_Data block_
------------------------------------

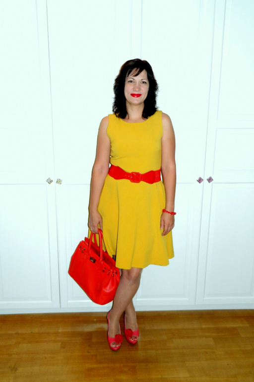 как на выставке красавица А желтое платье да но поменьше красного. И юбка джинс не нравится
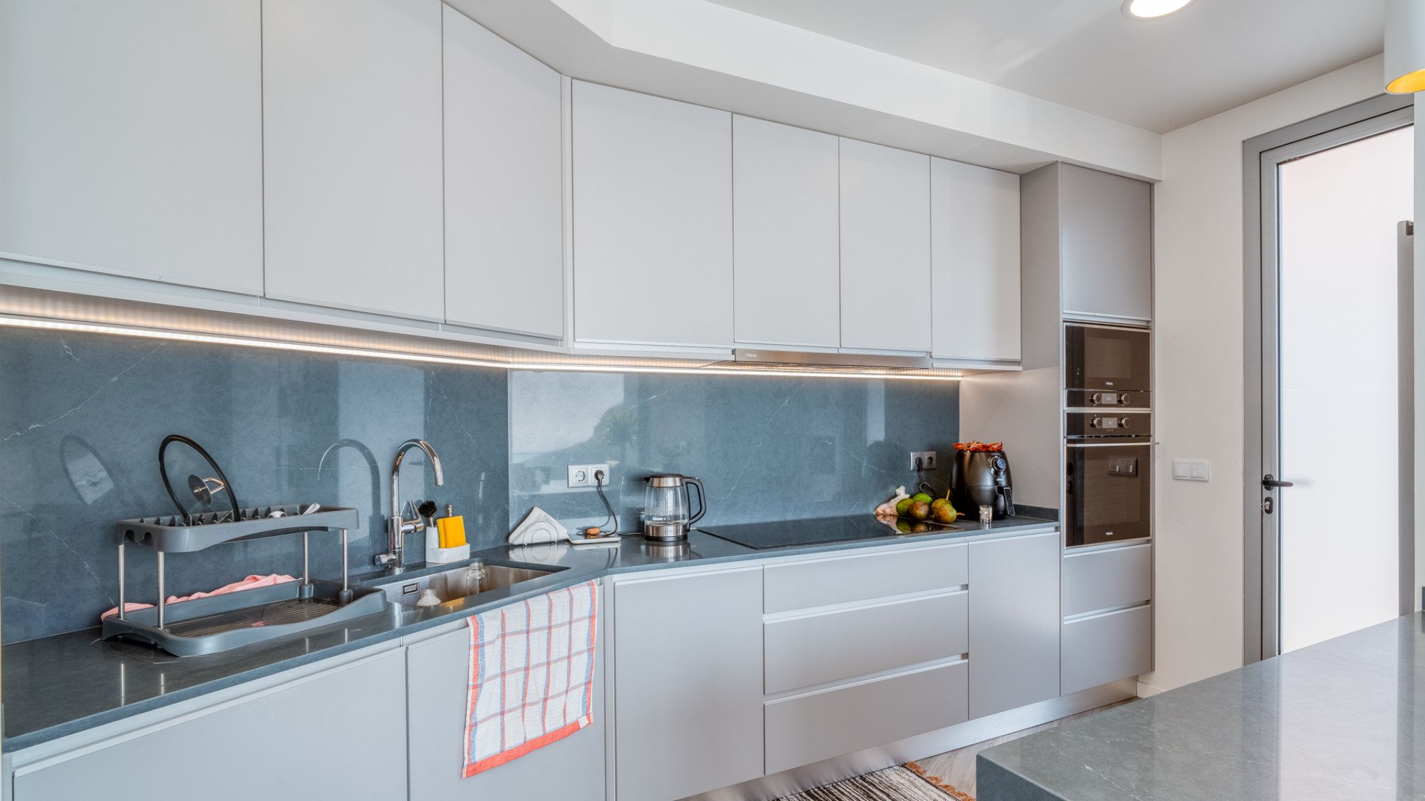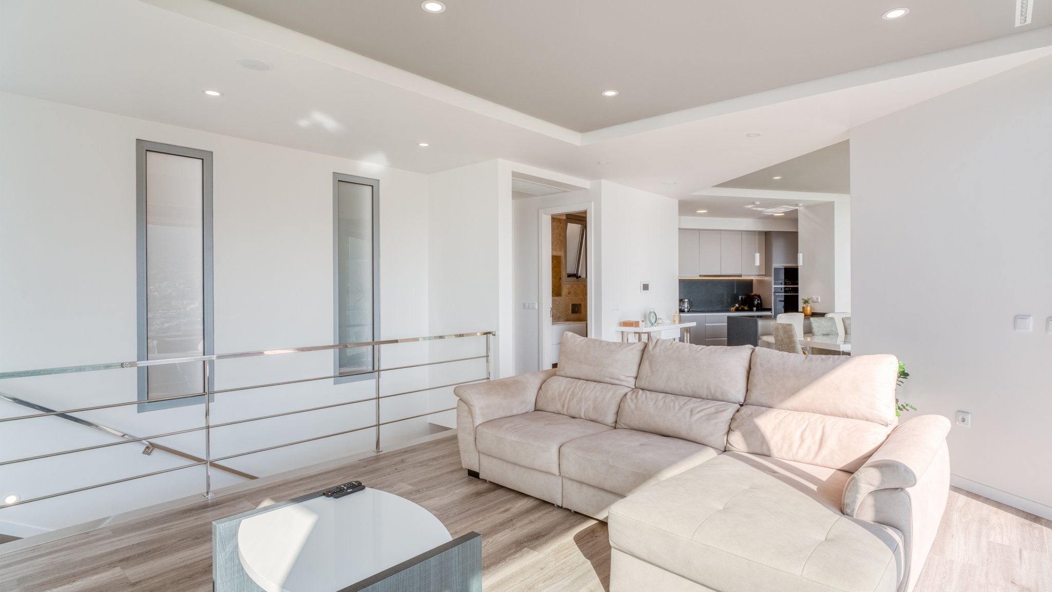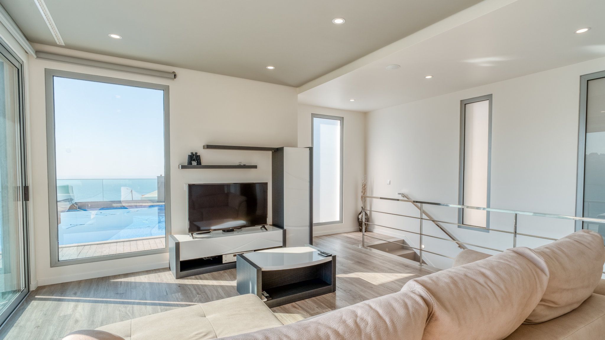 The floor-to-ceiling sliding glass doors allow an unrestricted view of the landscape and the sea from the entire living area. There is also a guest bathroom on the same level. On the lower level there are two bedrooms, each with a fitted wardrobe and an en-suite bathroom. The entrances and some of the interior doors are wheelchair-accessible with the appropriate width. Outside the villa there is a fantastic sun terrace with a fabulous infinity pool. Above the house there is a cosy BBQ terrace, also with a very beautiful view. The property also has a small natural garden, which can be reached via a staircase.
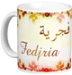 Mug avec le prénom "Abdennour" écrit en français, en arabe (عبد النور) et calligraphié de façon artistique en arabe sur la partie droite.

------------------------------------

_Task directions_
The expected output is the run of lines from the one containing "The floor-to-ceiling sliding" to the last line of the listing above, both included, word for word and free of pictures.

_Reply to the task_
 The floor-to-ceiling sliding glass doors allow an unrestricted view of the landscape and the sea from the entire living area. There is also a guest bathroom on the same level. On the lower level there are two bedrooms, each with a fitted wardrobe and an en-suite bathroom. The entrances and some of the interior doors are wheelchair-accessible with the appropriate width. Outside the villa there is a fantastic sun terrace with a fabulous infinity pool. Above the house there is a cosy BBQ terrace, also with a very beautiful view. The property also has a small natural garden, which can be reached via a staircase.
 Mug avec le prénom "Abdennour" écrit en français, en arabe (عبد النور) et calligraphié de façon artistique en arabe sur la partie droite.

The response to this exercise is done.